A man goes to New York to try to make it big in the music business,
He goes to a main street downtown where he knows all the music publishing businesses are and he walks into the first one he sees. He sees a secretary and tells her, “I’m a fantastic singer-songwriter and I need a job”.
She ushers him into a large office where a big music executive is sitting behind a desk with a grand piano in the corner. The man says, “I want to work for you, writing my own songs”.
The executive says, OK, show me what you got on that piano".
So the man sits down and he starts playing a sad song. Pretty soon the executive is crying and weeping.
The executive says through his tears, " My god, that was beautiful. What do you call it?"
The man says, “I call it " I broke both my grandmothers knees with a baseball bat while my neighbor sodomized my cat in the kitchen”. "
The executive pauses, then says, " Hmm, weird title but OK, play me another one.“
So the man starts playing a happy tune and soon the executive is chuckling and then rolling on the floor with laughter. He asks,“What do you call this one?'
The man says, " I call it, " My niece raped her brother while my friend crapped on the floor”.
The executive says, Great music, you’re hired but from now on, I will write the titles for your music”.
So the man starts working there and he churns out song after song which are all successful.
There’s a small diner right next door to the music house and one day the man is there having lunch with a co-worker.
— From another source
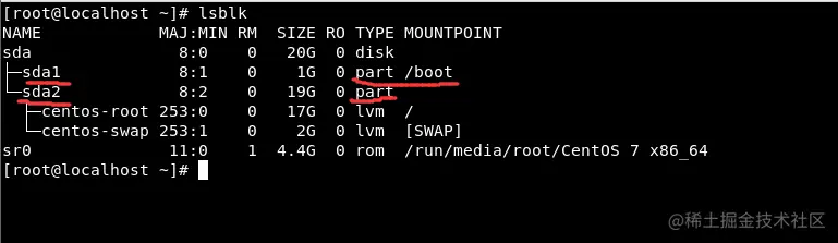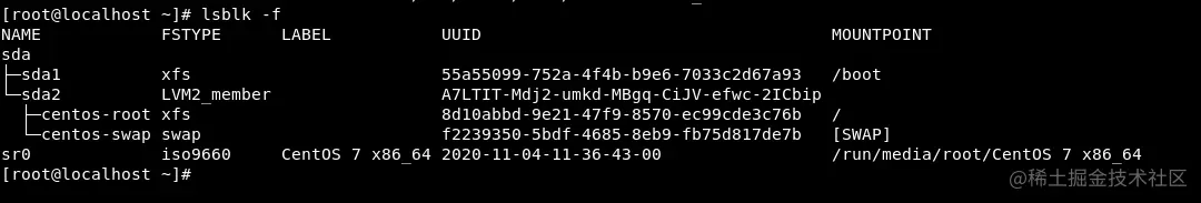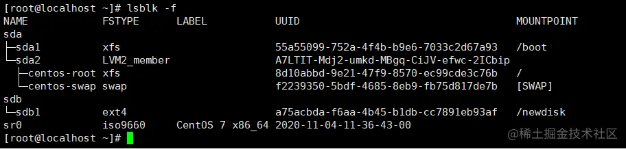 lsblk或lsblk -f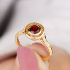 Reminiscent of timeless romance, this Vintage Inspired Engagement Ring is a stunning tribute to your everlasting love. The rich red 4 mm Round Shape Garnet is set in Bezel Setting at the center of the design, radiating warmth and passion, while intricate vintage style detailing around the band adds a sense of history and charm. With its delicate design, this Garnet Engagement Ring brings the beauty of the past into the present, making it the perfect way to express a love that is both enduring and unique. The deep, vibrant red hue of the AAA Quality Garnet is complemented by a simple yet sophisticated band, creating a balance between classic elegance and modern flair. Presented in a signature jewelry box, this Bezel Set Engagement Ring is ready to be gifted to the one you cherish, whether for a proposal or anniversary. Available in a range of US ring sizes, this Garnet Solitaire Ring ensures a perfect fit, symbolizing a love as rare as the stone itself. For those who appreciate beauty that transcends time, this Vintage Garnet Ring is a heartfelt promise of forever.

They’re in the middle of lunch and the man excuses himself to go use the restroom. He does his business and washes his hands but he forgets to zip up his pants so he walks out with everything showing. He’s going back to his table and a waitress glances at his crotch.
She looks and then she says, "Sir, do you know your flys undone and your di*cks hanging out?“
The man looks at her and cries out, " Know it!!?? I wrote it!!”